Artists in this exhibition: Ron Mueck, Thomas Houseago, Andy Hope 1930


Ron Mueck

Hauser & Wirth London, Savile Row

19 April – 26 May 2012
Opening: Wednesday 18 April 6 – 8 pm

Hauser & Wirth is proud to present Ron Mueck's debut exhibition with the gallery and his first major solo presentation in London for over a decade. The works shown in this exhibition highlight Mueck's unique form of realism and his poignant use of scale and placement. Using contemporary subjects, Mueck explores timeless themes depicted throughout traditional art history, encouraging the viewer to identify with the human condition.

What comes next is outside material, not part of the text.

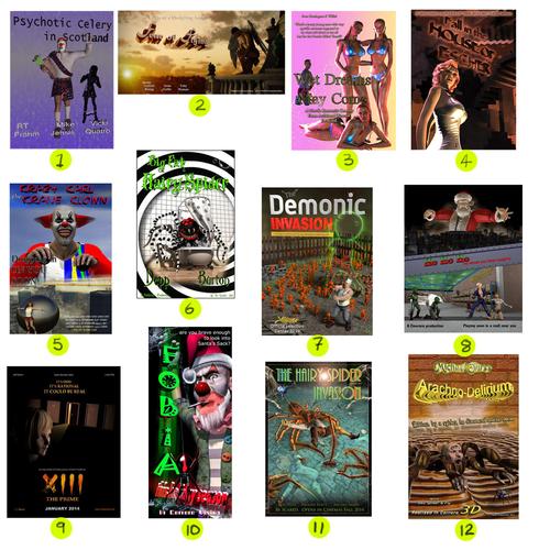 I hope someone makes a few of these movies. I vote for 2, 9, 11. This was a great challenge theme, Stu, So many terrific entries.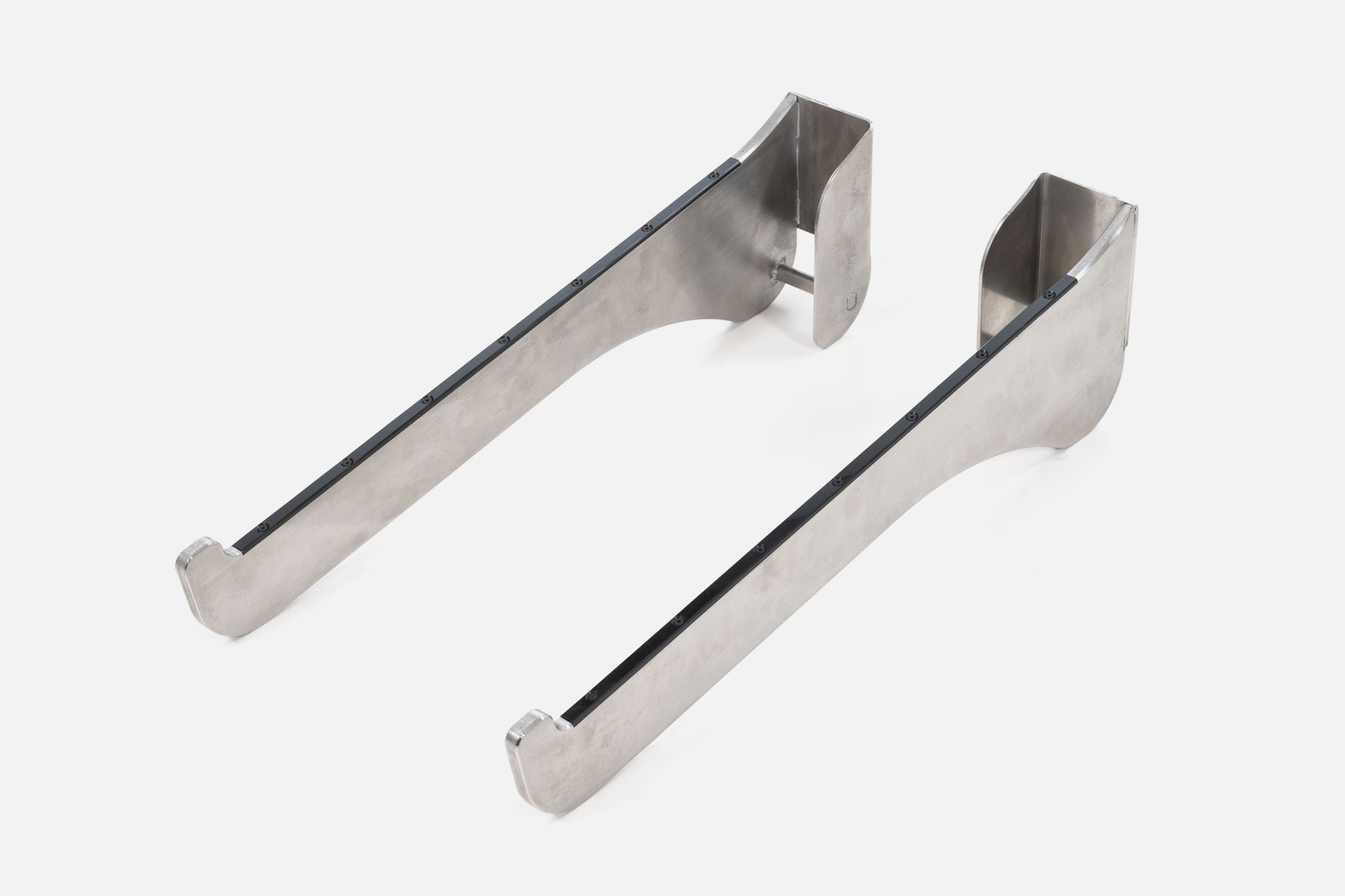 The Spotter Arms are individually set to the SquatRack , providing a reliable safety net for your workouts. Enginieered with robust stainless steel for maximum stability, these arm fixtures are not only sturdy but also equipped with a black plastic rail for minimum noise during your training session, preserving the integrity of your equipment.

Mueck's sculptures link reality to the world of folklore, myth and magic. 'Woman with Sticks', a sturdy, middle-aged woman struggling to contain an unwieldy bundle of sticks nearly twice her size, suggests a woman tackling the near-impossible tasks set in fairytales and legends. Completely naked, this woman represents the 'eternal feminine', a topic that fascinated artists such as Cezanne and Gauguin. Where these artists focussed on the idyllic model, Mueck uses hair, skin and a physical build far from the norms of classical beauty. This woman is active, not contemplative; vigorous and energetic, not delicate and demure.

The recent work 'Youth' is a boy wearing low-slung jeans and a blood-stained white T-shirt. With a look of incredulity reminiscent of Saint Thomas demanding to inspect the wounds of Christ, he pulls up his shirt to reveal an open stab wound in his side. 'Youth' is a portrait of the thoughtlessness of childhood; of a person not yet grown up who comes face to face with the incomprehensibility of mortality.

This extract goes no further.